The five stages of grief, denial, anger, bargaining, depression, and acceptance, were first identified by Elizabeth Kubler-Ross. However, they are often misinterpreted as a set of emotions that one will experience in order, and pain can be something that one lives with all the time. While these stages can be helpful in understanding the emotional response to loss, they don’t necessarily come in any particular order and not all stages can be experienced. Grief is not only related to death and dying, but also to traumatic events. Acceptance means that living with pain becomes bearable.
The five stages of grief were terms first identified by Elizabeth Kubler-Ross in her book On Death and Dying. While the book was instrumental in helping explain many of the feelings people have had from loss, it is often misinterpreted by the layman as a staged set of emotions that one will experience in order. Once the stages are over, some speculate, the pain will simply dissipate.
The psychological evidence confirms that these assumptions are clearly wrong. Pain can be something you live with all the time. Even the final stage, acceptance, means that part of acceptance isn’t about the death of a person, but about the fact that one will live with pain in some form forever.
So while these stages of grief are experienced very clearly by many, not all stages can be experienced and they don’t necessarily come in any particular order. One can experience several stages at the same time; and when one has progressed through all the stages, one still feels a loss.
Kubler-Ross may have done a disservice in some respects, but when stages are taken loosely, they can be helpful in understanding the emotional response to loss or anticipating the loss of a loved one.

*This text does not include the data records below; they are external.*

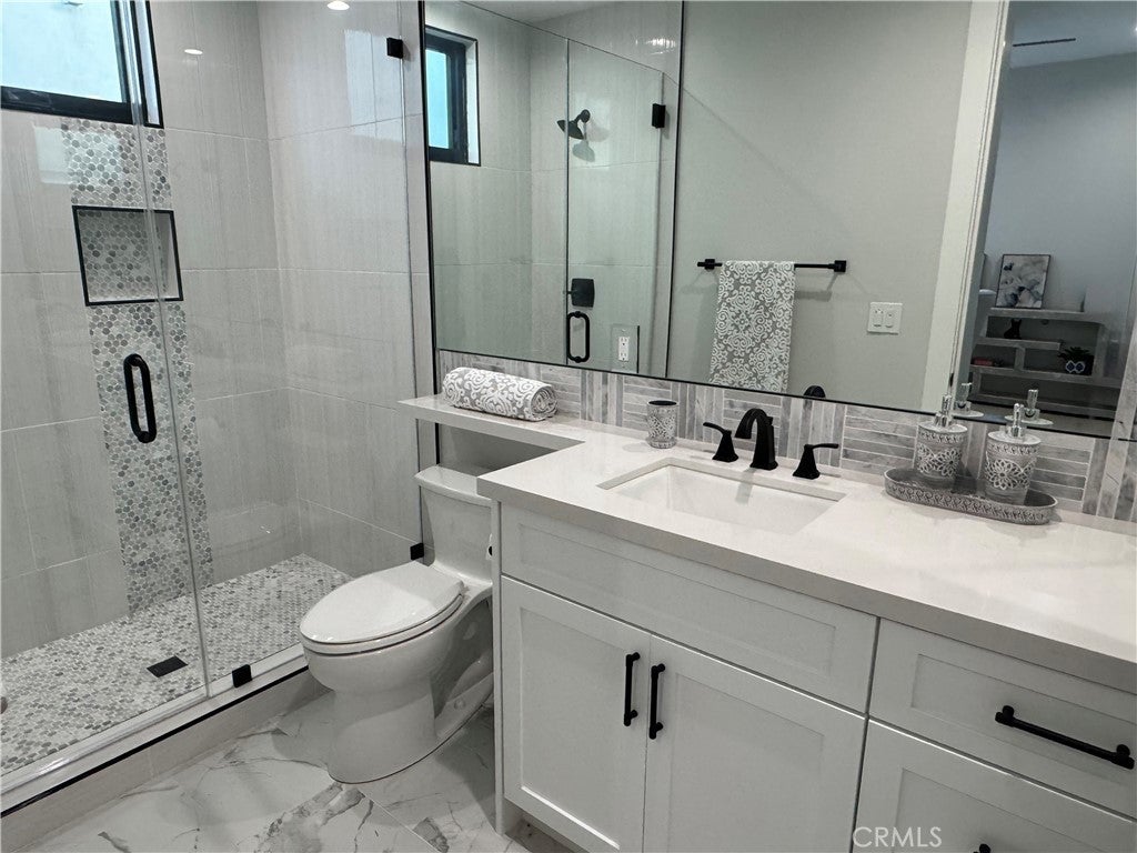 This 5 bedroom, 5 1/2 bath new construction home is located on a prime street in the Manhattan Beach Mira Costa area. This property has a large south facing backyard with plenty of room for kids, pets or a future pool. Open floor plan with large commercial kitchen perfect for a large family or entertaining. White oak hardwood throughout. Large laundry room. Large master suite with extraordinary walk in master closet. Don’t miss this opportunity!
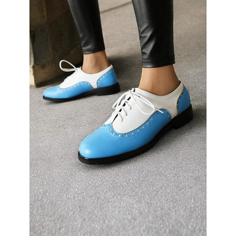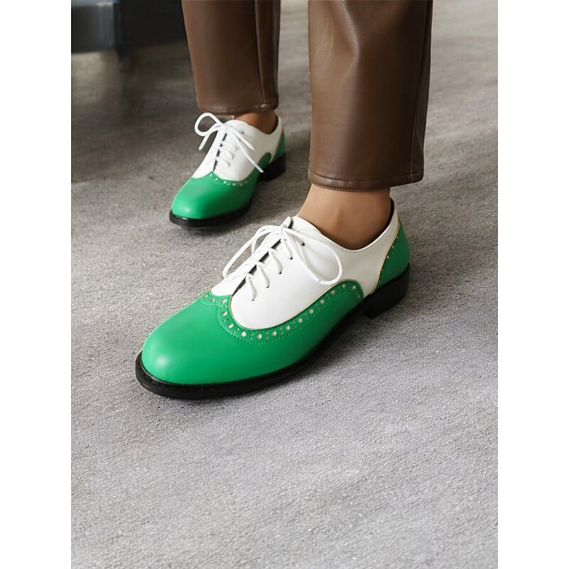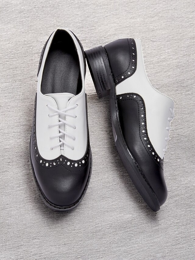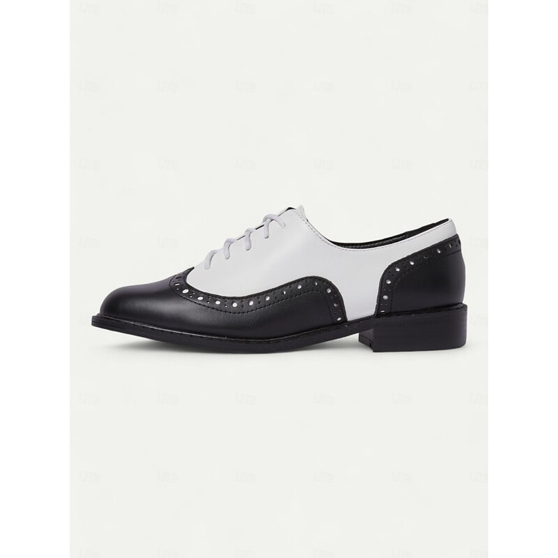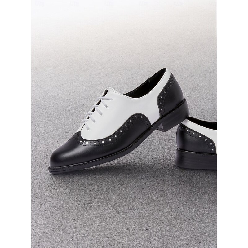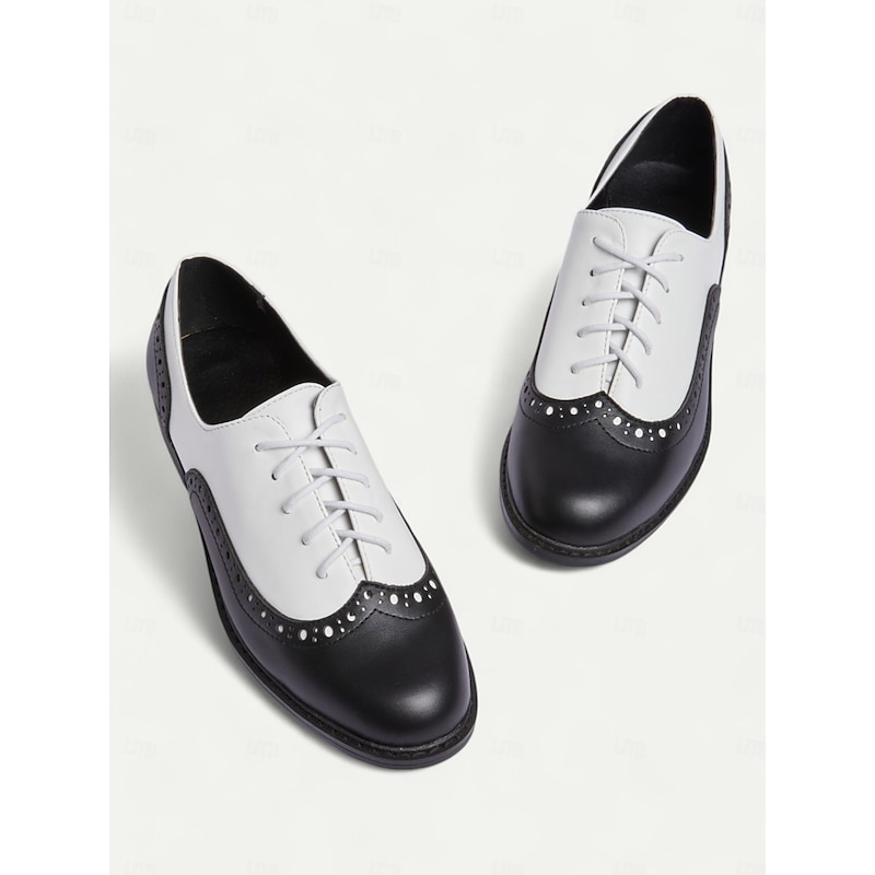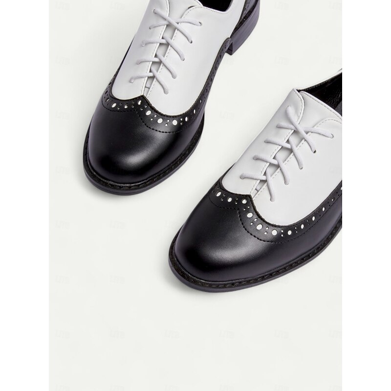 Highlights [Fabric] : Crafted from premium PU for the upper and lined with synthetic leather, these oxford shoes offer durability and a polished appearance, perfect for year-round wear in spring, summer, fall, and winter. [Style] : These classic brogue oxford shoes feature a sophisticated two-tone design in sleek black and crisp white, combining elegance with versatility. The chunky heel ensures all-day comfort and support. [Design Highlights] : The brogue detailing with decorative perforations along the seams adds an elegant touch to these timeless oxfords. The round toe design and color block pattern enhance their classic appeal, while the lace-up closure guarantees a secure fit. [Occasions] : Ideal for both daily and work settings, these shoes effortlessly transition from formal events to smart-casual gatherings. Their versatile style makes them suitable for a variety of occasions, adding a refined finish to any outfit. [Size Notice] : Available in a range of sizes from US5.5/EU35/UK3.5 to US10.5/EU42/UK8.5, these shoes are designed to accommodate standard sizing. It is recommended to select your usual size for the perfect fit.
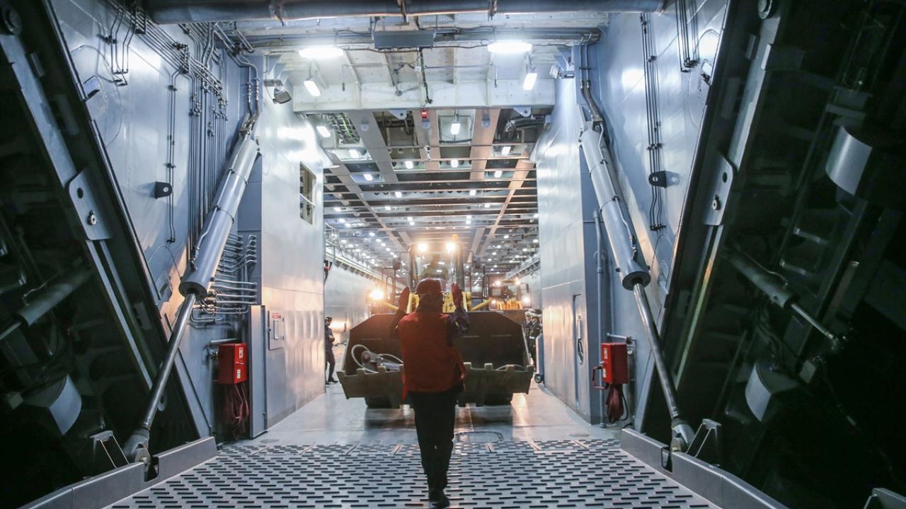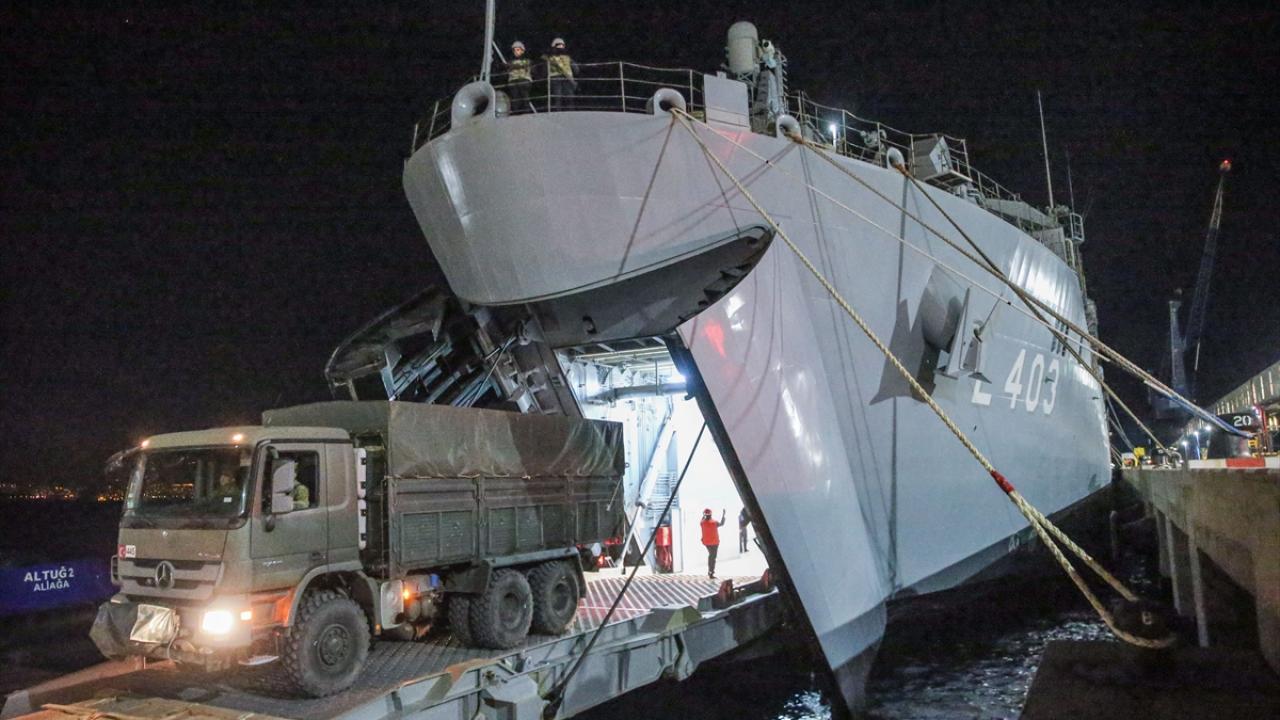 TCG Bayraktar askeri gemisiyle afet bölgelerine sevk edilmesi için Hatay'ın İskenderun ilçesine iş makinesi, giyim, gıda ürünleri ve sağlık ekipmanları getirildi.
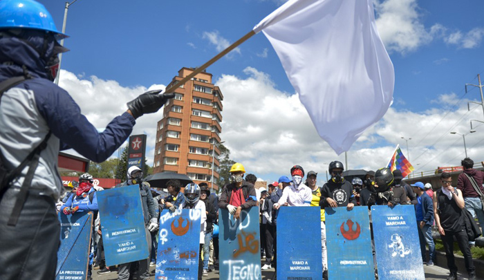 Colombia. Primera Línea: "Defendemos a la gente porque el gobierno tiene a la policía militar para que defienda sus intereses." pic.twitter.com/QIl6TcOKvJ
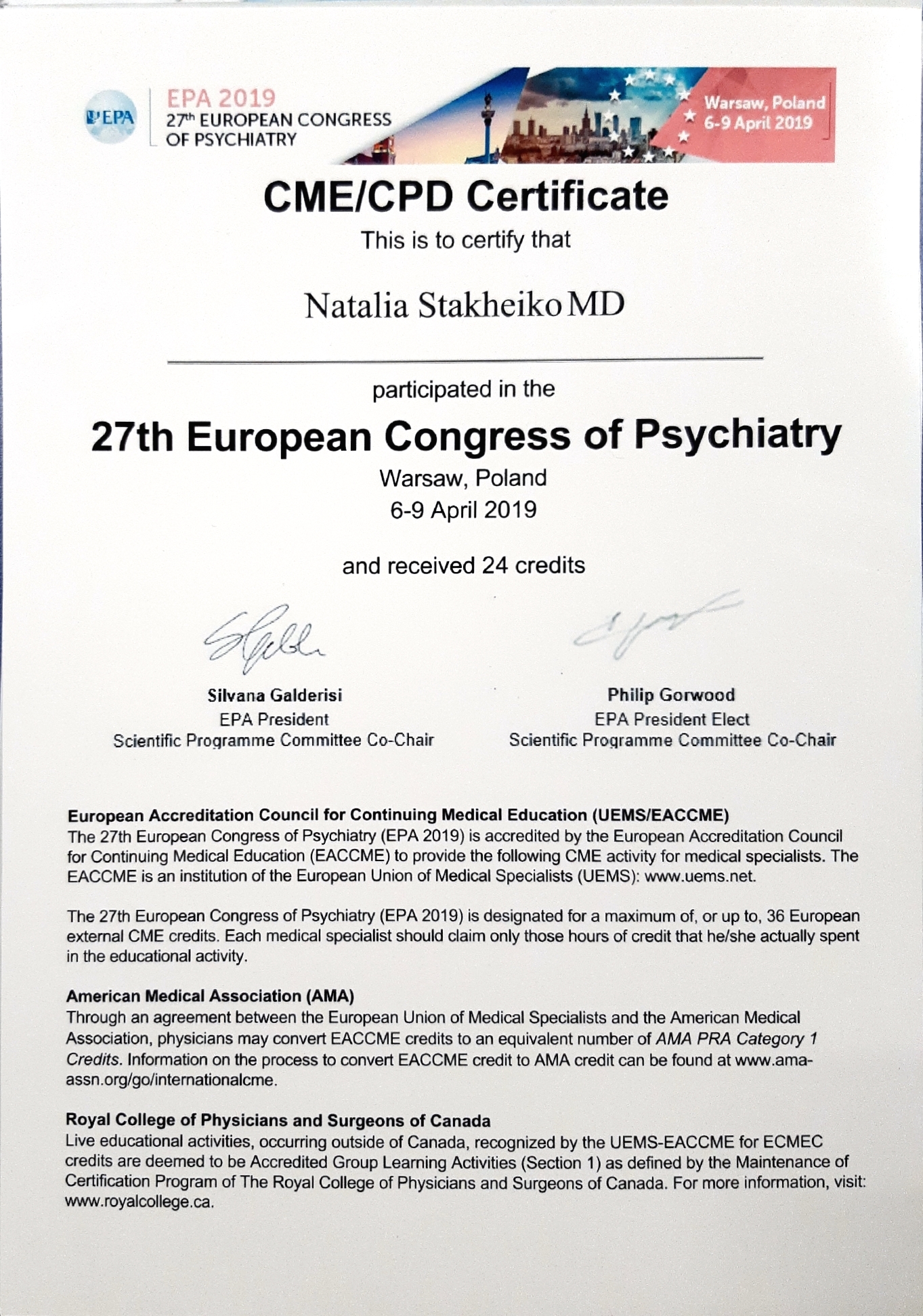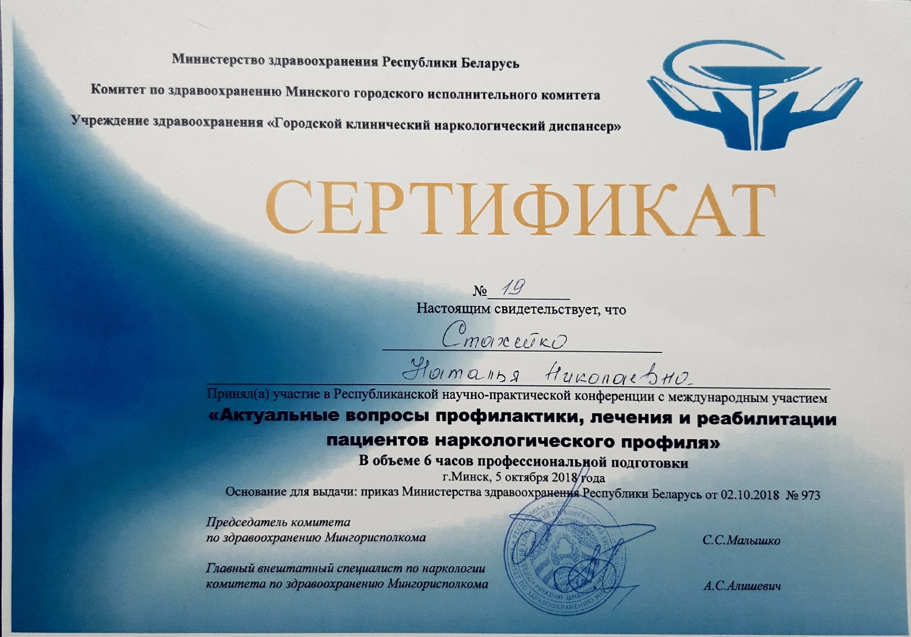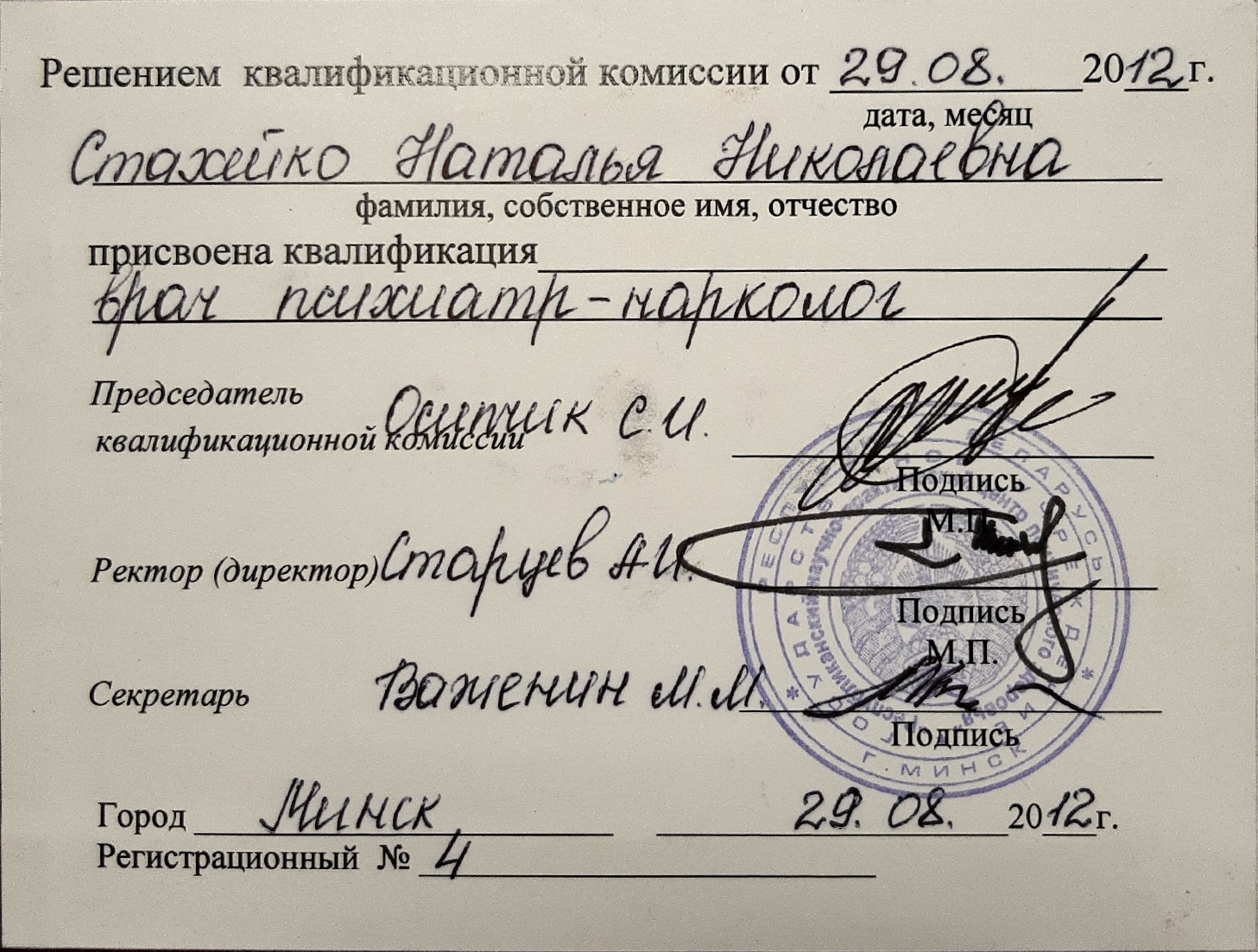 Стахейко Наталья Николаевна в 1999 г. закончила Гомельский государственный медицинский институт, по специальности «лечебное дело», квалификация «врач». С 1999 по 2000 проходила стажировку по психиатрии в учреждении «Гомельская областная клиническая психиатрическая больница» (далее – У «ГОКПБ»). С 2000 по 2006 работала в учреждении «Гомельская Областная Клиническая ПБ» в должности врача-психиатра 13-го наркологического отделения (для купирования острых алкогольных психозов). С 2006 по 2014 работала в государственном учреждении «Республиканский научно-практический центр психического здоровья» (далее – РНПЦ психического здоровья) в должности врача-нарколога, затем врача-психиатра-нарколога 36-го наркологического отделения (для мужчин) и 21-го реабилитационного отделения. С 2014 по 2016 работала в РНПЦ психического здоровья в должности (заведующего отделением наркологического отделения № 17 для лечения больных, страдающих наркоманией. С 2016 по 2018 врач-психиатр-нарколог 21-го наркологического реабилитационного отделения РНПЦ психического здоровья. С 08.2018 по 07.2019 врач-психиатр-нарколог Частного Медицинского Центра. С 08.2019 по настоящее время врач-психиатр-нарколог Медицинского Центра “Консилиум”.
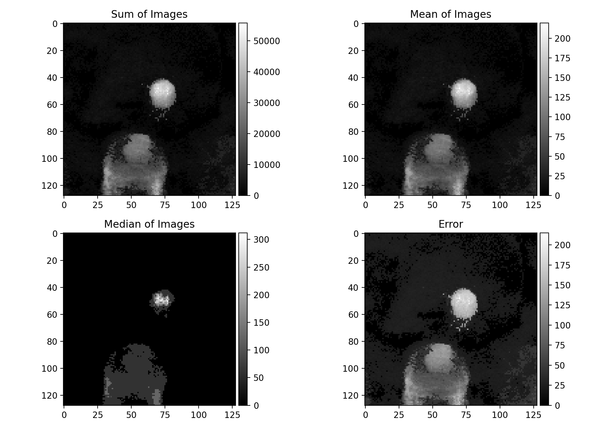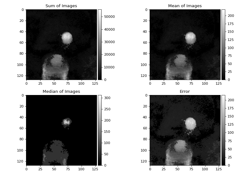 titles = ['Sum of Images', 'Mean of Images', 'Median of Images', 'Error']
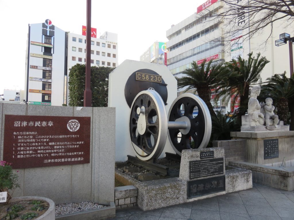 沼津駅南口駅前にあった沼津機関区の記念碑 その隣にあるのは 若山牧水かと思ったら 井上靖の記念碑。この一枚だけが デジカメ撮影。
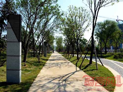 ECOLAND易兰从自然与人文相互融合的设计理念出发,利用场地的地形高差,将自然的地形肌理与场地融合,自然的坡地突入到城市广场中,实现自然与人工环境的交融。设计重视自然资源保护发展与再循环利用,并从地域性植被的选择、雨水回收系统、低碳节能服务性建筑系统运用,生态环保材料的选用等方面,诠释出“自然、生态”的国际化设计理念。
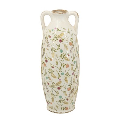 This 3-piece vase set features a sun medallion design in gold on white. Heights: 32.5", 28.5", 24.6". Uniform 5.9" bases. Weighted for stability. Ideal as a decorative centerpiece or floral vase.
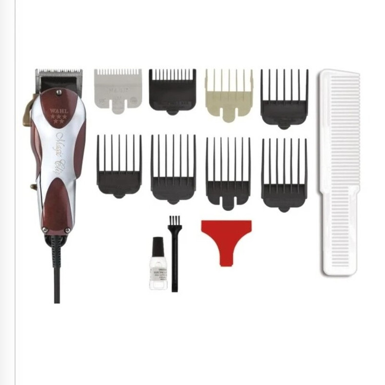 برای راحتی شما ماشین اصلاح وال مجیک کلیپ 5 ستاره همراه با تمام لوازم جانبی موردنیاز برای استفاده قرار گرفته است.شامل: کلیپر، 8 شانه، روغن برای تمیز کردن، قلممو، دستورالعملها و یک محافظ قرمز تیغه.
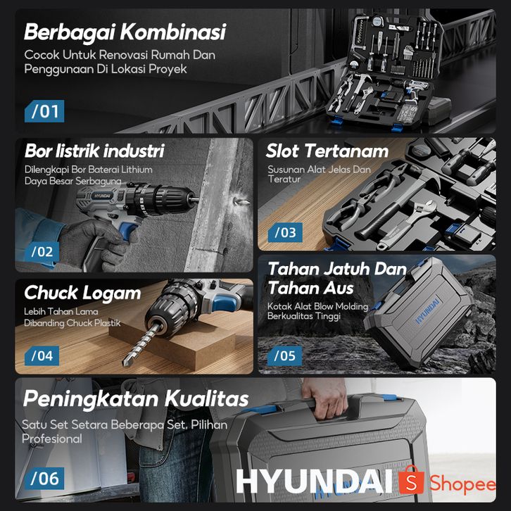 HYUNDAI Mesin Bor Listrik Set Lengkap Baterai Cordless Alat Tukang Tool Kit Tang Obeng Palu Kunci Pas Pita Pengukur
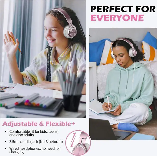 AILIHEN C8 Girls Headphones, On-Ear Headphones Wired with Microphone and Volume Control Foldable Corded Stereo 3.5mm Headset for Girls School Chromebook Laptop Computer PC Tablets Travel (Rose Gold)
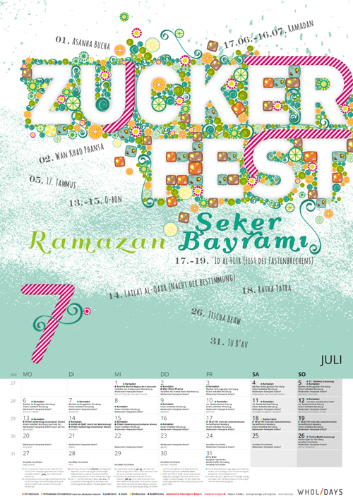wholidays, der interkulturelle Kalender 2015, Ausgabe Franken

Furthermore, grief is not only related to death and dying, but also to traumatic events: a rape, a child’s illness, an abusive childhood, a divorce, or even moving to a country or losing a job.
The five stages of grief, as described by Kubler-Ross, are denial, anger, bargaining, depression, and acceptance. In the more traditional model, denial tends to be the first emotion experienced by sufferers. Denial could also be called disbelief. Even if a death was predicted, it’s hard to believe it happened. People “know” that death has occurred, but part of their minds resists letting this knowledge creep in.
Denial is, in a sense, a way of avoiding later pain. If you can only pretend, then it can still work. When denial gives way, the person may be flooded with strong emotions of depression and sadness and find it very difficult to participate in normal life.
People may follow up the denial with anger or bargaining. Bargaining is an attempt to come to terms with a spiritual understanding of what happened. If a person has specific spiritual beliefs, he may wonder how any God could have allowed her to be lost. For those foreseeing a death, bargaining may be the first step, to avoid an imminent loss.
Anger can involve anger at oneself, the person who died, the people who should have prevented it, the world at large. Anger can be directed at one’s spiritual beliefs when the bargaining has clearly not worked out. Some people can’t get over their anger for a long time, especially those with past long-term trauma.
Anger is also a defense to actually having our feelings, according to many therapists. Angry people often turn into tears, because the basis of anger is usually a deep and significant type of depression. It is an outward expression of the pain within.
It’s hard to predict how long the depression will last. For some, depression could signal an underlying condition such as major depressive disorder. Depression can be expressed as a disinterest in the world. People may find that they can no longer “work” at jobs. They may want to crawl into bed and stay there. Depression due to grief can also come in waves. One may revert to denial or anger before being overwhelmed again.
Acceptance means several things according to Kubler-Ross. A person who dies may find that they are “ready” at some point. Those who see a loved one die may come to accept that the person needs to move on. Acceptance can also be the point where living with pain becomes bearable. People can go back to their lives knowing full well that their pain is now a part of them, but it doesn’t have to consume them.